The court cannot assume a fact in its instructions. Ruler v. Boy, 46 Iowa, 182: Walters v. Chicago, R. I. & P. Ry., 41 Iowa, 76; York v. Wallace, 48 Iowa, 307; Case v. Burrows, 52 Iowa, 146; S. C. 2 N. W. Rep. 1045; Perigo v. Chicago, R. I. & P. Ry., 55 Iowa, 327; S. C. 7 N. W. Rep. 627; State v. Bailey, 54 Iowa, 414; S. C. 6 N. W. Rep. 589.
Where instructions are so contradictory that it is impossible to tell which the jury followed, a new trial will he allowed. Hawes v. Harrington, C. R. & N. Ry. Co., 64 Iowa, 319; S. C. 20 N. W. Rep. 717; citing Hoben, v. Burlington & M. R. Ry. Co., 20 Iowa, 562; State v. Hartzell, 58 Iowa, 520; S. C. 12 N. W. Rep. 557.
The question of probable cause rests only on those facts and circumstances which were known to the prosecutor at the time the prosecution was begun, and not upon any which afterwards came to his knowledge. Swaim v. Stafford, 3 Ired. 289; Munns v. Dupont, 1 Amer. Lead. Cas. 213; Galloway v. Stewart, 49 Ind. 156.
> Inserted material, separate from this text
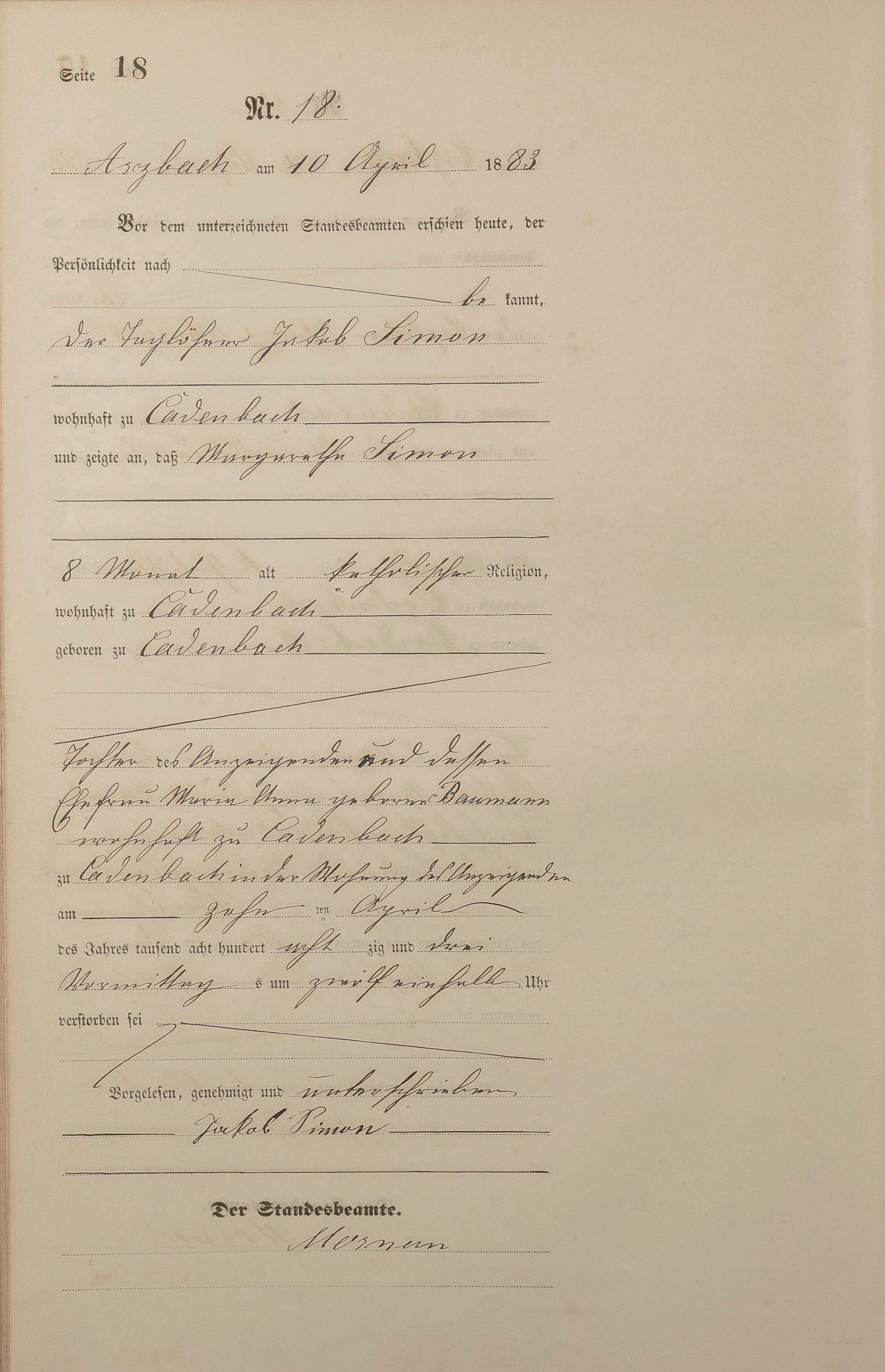 Sterberegister 1883

W. A. Foster and C. E. Wheeler, for appellee.
It is not necessary that the defendant, in an action for malicious prosecution should be the originator of the prosecution. It is enough to render him liable for damages that he voluntarily participated in the prosecution, and that it was carried on with his countenance and approbation, if the jury find the other facts necessary to fix his liability. See Stansbury v. Fogle, 37 Md. 369; Clements v. Ohrly, 2 Cockb. & R. 686; Green v. Cochran, 43 Iowa, 544; Weston v. Beeman, 27 Law J. Exch. 57; Churchill v. Siggors, 3 El. & Bl. 937; McWilliams v. Hoban, 42 Md. 56.
The question of probable cause is one of law, when there is no dispute as to the facts. Center v. Spring, 2 Iowa, 393; Shaul v. Brown, 28 Iowa, 37; Burns v. Erben, 40 N. Y. 463; Thaule v. Krekskler, 81 N. Y. 428; Stone v.